Humans are innately able to adapt their behavior and actions according to the movements of other humans in their surroundings. For instance, human drivers may suddenly stop, slow down, steer or start their car based on the actions of other drivers, pedestrians or cyclists, as they have a sense of which maneuvers are risky in specific scenarios.
However, developing robots and autonomous vehicles that can similarly predict human movements and assess the risk of performing different actions in a given scenario has so far proved highly challenging. This has resulted in a number of accidents, including the tragic death of a pedestrian who was struck by a self-driving Uber vehicle in March 2018.
Researchers at Stanford University and Toyota Research Institute (TRI) have recently developed a framework that it could prevent these accidents in the future, increasing the safety of autonomous vehicles and other robotic systems operating in crowded environments. This framework, presented in a paper pre-published on arXiv, combines two tools, a machine learning(ML) algorithm and a technique to achieve risk-sensitive control.
“The main goal of our work is to enable self-driving cars and other robots to operate safely among humans (i.e., human drivers, pedestrians, bicyclists, etc.), by being mindful of what these humans intend to do in the future,” Haruki Nishimura and Boris Ivanovic, lead authors of the paper, told TechXplore via email.

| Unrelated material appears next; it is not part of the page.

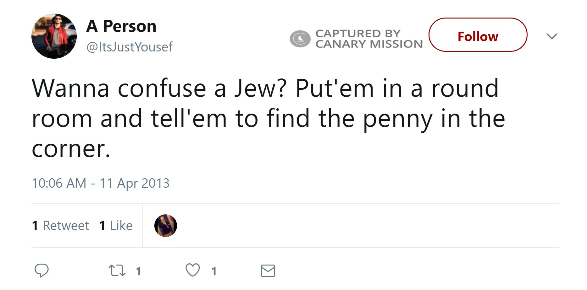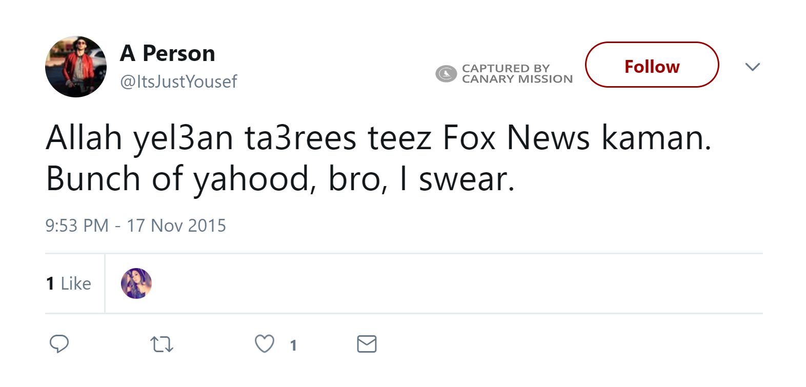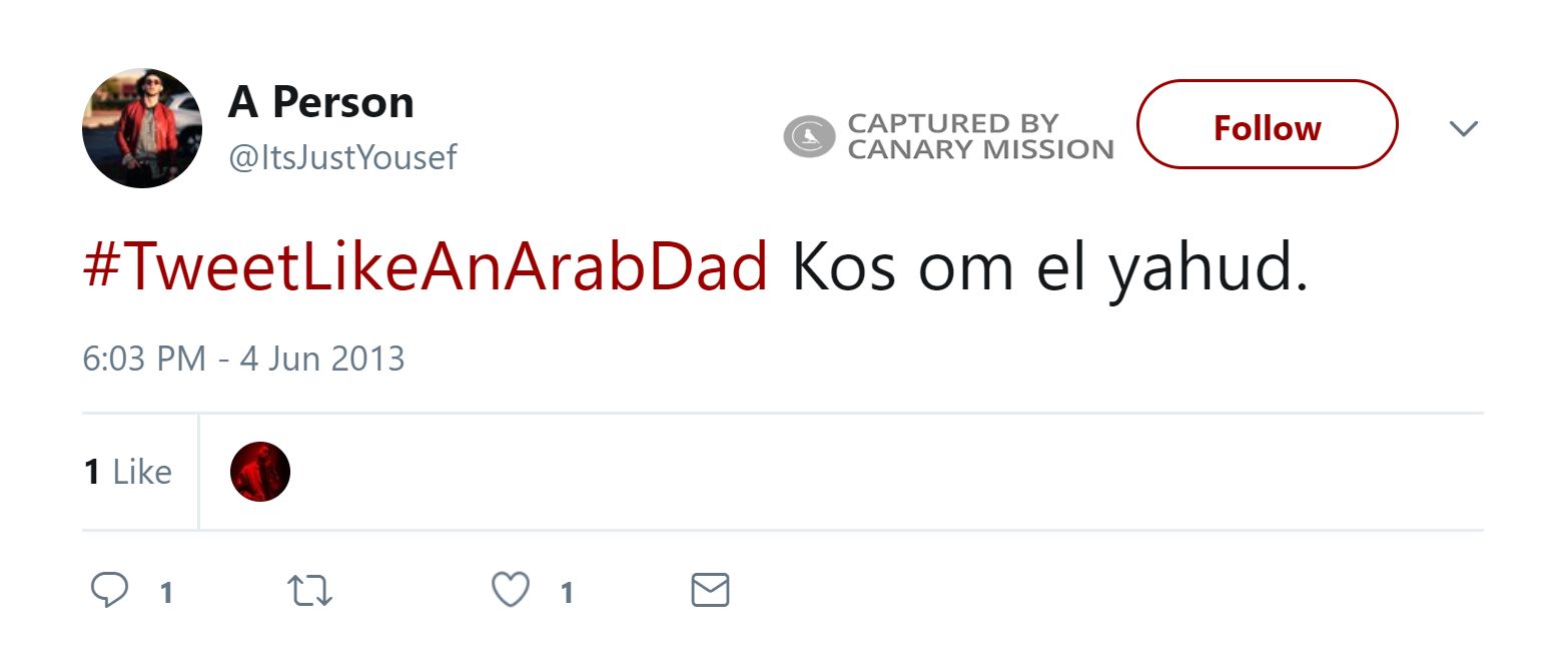 On June 4, 2013, Mohamed tweeted: “#TweetLikeAnArabDad Kos om el yahud [F**k Jewish mothers].”
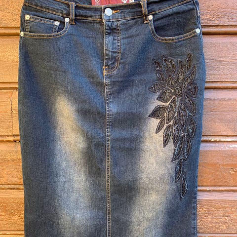 Stilig lang skjorte med paljetter i stolpe, på skuldre og brystlomme.

Nishimura, Ivanovic and their colleagues developed a machine learning(ML) model and trained it to predict the future actions of humans in a robots surroundings. Using this model, they then created an algorithm that can estimate the risk of collision associated with each of the robot’s potential maneuvers at a given time. This algorithm can automatically select the optimal maneuver for the robot, which should minimize the risk of colliding with other humans or cars, while also allowing the robot to move towards completing its mission or goal.

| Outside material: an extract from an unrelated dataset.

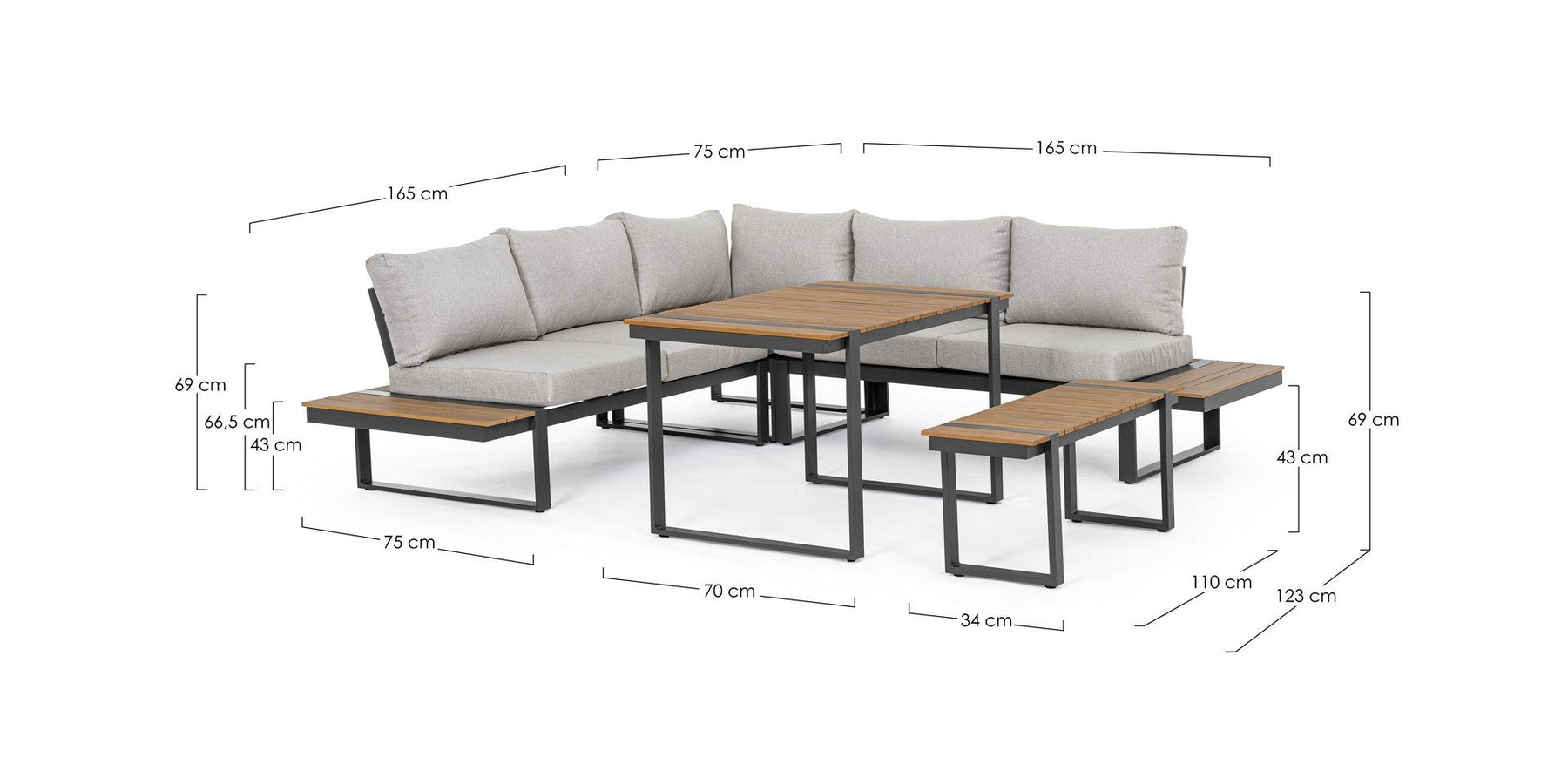 Grâce à sa structure angulaire, le salon « Sven » offre un grand espace de détente et de convivialité, et est parfait pour créer un coin salon extérieur.

“Existing methods for allowing autonomous cars and other robots to navigate among humans generally suffer from two important oversimplifications,” the researchers told TechXplore via email. “Firstly, they will make simplistic assumptions about what the humans will do in the future; secondly, they do not consider a trade-off between collision risk and progress for the robot. In contrast, our method uses a rich, stochastic model of human motion that is will learned from data of real human motion.”
The stochastic model that the researchers’ framework is based on does not offer a single prediction of future human movements, but rather a distribution of predictions. Moreover, the way in which the team used this model differs significantly from the way in which previously developed robot navigation techniques integrated stochastic models.